WHAT IS EXPECTED: Output must match the records, character for character.

- Opening Delimiter -

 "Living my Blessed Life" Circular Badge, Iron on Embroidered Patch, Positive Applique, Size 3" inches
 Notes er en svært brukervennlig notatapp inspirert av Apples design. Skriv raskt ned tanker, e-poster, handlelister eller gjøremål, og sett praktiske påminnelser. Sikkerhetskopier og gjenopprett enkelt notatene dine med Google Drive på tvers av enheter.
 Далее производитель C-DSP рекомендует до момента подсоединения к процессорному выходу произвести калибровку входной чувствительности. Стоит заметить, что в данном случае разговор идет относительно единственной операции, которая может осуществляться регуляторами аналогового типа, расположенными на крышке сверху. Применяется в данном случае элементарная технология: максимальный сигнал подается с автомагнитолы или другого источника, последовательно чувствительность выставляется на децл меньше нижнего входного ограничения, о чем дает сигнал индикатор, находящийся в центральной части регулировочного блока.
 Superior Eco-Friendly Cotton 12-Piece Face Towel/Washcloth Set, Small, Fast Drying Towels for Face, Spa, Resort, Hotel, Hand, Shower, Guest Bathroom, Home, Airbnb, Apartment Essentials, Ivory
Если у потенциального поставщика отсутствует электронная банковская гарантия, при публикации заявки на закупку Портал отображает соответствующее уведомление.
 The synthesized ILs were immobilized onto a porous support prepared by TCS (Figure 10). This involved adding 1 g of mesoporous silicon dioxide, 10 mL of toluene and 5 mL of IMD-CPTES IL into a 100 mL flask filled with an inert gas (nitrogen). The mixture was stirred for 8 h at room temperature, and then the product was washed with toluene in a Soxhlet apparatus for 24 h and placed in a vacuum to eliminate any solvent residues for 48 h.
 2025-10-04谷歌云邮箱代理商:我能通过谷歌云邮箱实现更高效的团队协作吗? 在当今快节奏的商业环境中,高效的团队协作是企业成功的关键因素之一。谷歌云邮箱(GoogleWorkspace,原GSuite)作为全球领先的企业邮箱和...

- Closing Delimiter -

PROBLEM SOLUTION:
 "Living my Blessed Life" Circular Badge, Iron on Embroidered Patch, Positive Applique, Size 3" inches
 Notes er en svært brukervennlig notatapp inspirert av Apples design. Skriv raskt ned tanker, e-poster, handlelister eller gjøremål, og sett praktiske påminnelser. Sikkerhetskopier og gjenopprett enkelt notatene dine med Google Drive på tvers av enheter.
 Далее производитель C-DSP рекомендует до момента подсоединения к процессорному выходу произвести калибровку входной чувствительности. Стоит заметить, что в данном случае разговор идет относительно единственной операции, которая может осуществляться регуляторами аналогового типа, расположенными на крышке сверху. Применяется в данном случае элементарная технология: максимальный сигнал подается с автомагнитолы или другого источника, последовательно чувствительность выставляется на децл меньше нижнего входного ограничения, о чем дает сигнал индикатор, находящийся в центральной части регулировочного блока.
 Superior Eco-Friendly Cotton 12-Piece Face Towel/Washcloth Set, Small, Fast Drying Towels for Face, Spa, Resort, Hotel, Hand, Shower, Guest Bathroom, Home, Airbnb, Apartment Essentials, Ivory
Если у потенциального поставщика отсутствует электронная банковская гарантия, при публикации заявки на закупку Портал отображает соответствующее уведомление.
 The synthesized ILs were immobilized onto a porous support prepared by TCS (Figure 10). This involved adding 1 g of mesoporous silicon dioxide, 10 mL of toluene and 5 mL of IMD-CPTES IL into a 100 mL flask filled with an inert gas (nitrogen). The mixture was stirred for 8 h at room temperature, and then the product was washed with toluene in a Soxhlet apparatus for 24 h and placed in a vacuum to eliminate any solvent residues for 48 h.
 2025-10-04谷歌云邮箱代理商:我能通过谷歌云邮箱实现更高效的团队协作吗? 在当今快节奏的商业环境中,高效的团队协作是企业成功的关键因素之一。谷歌云邮箱(GoogleWorkspace,原GSuite)作为全球领先的企业邮箱和...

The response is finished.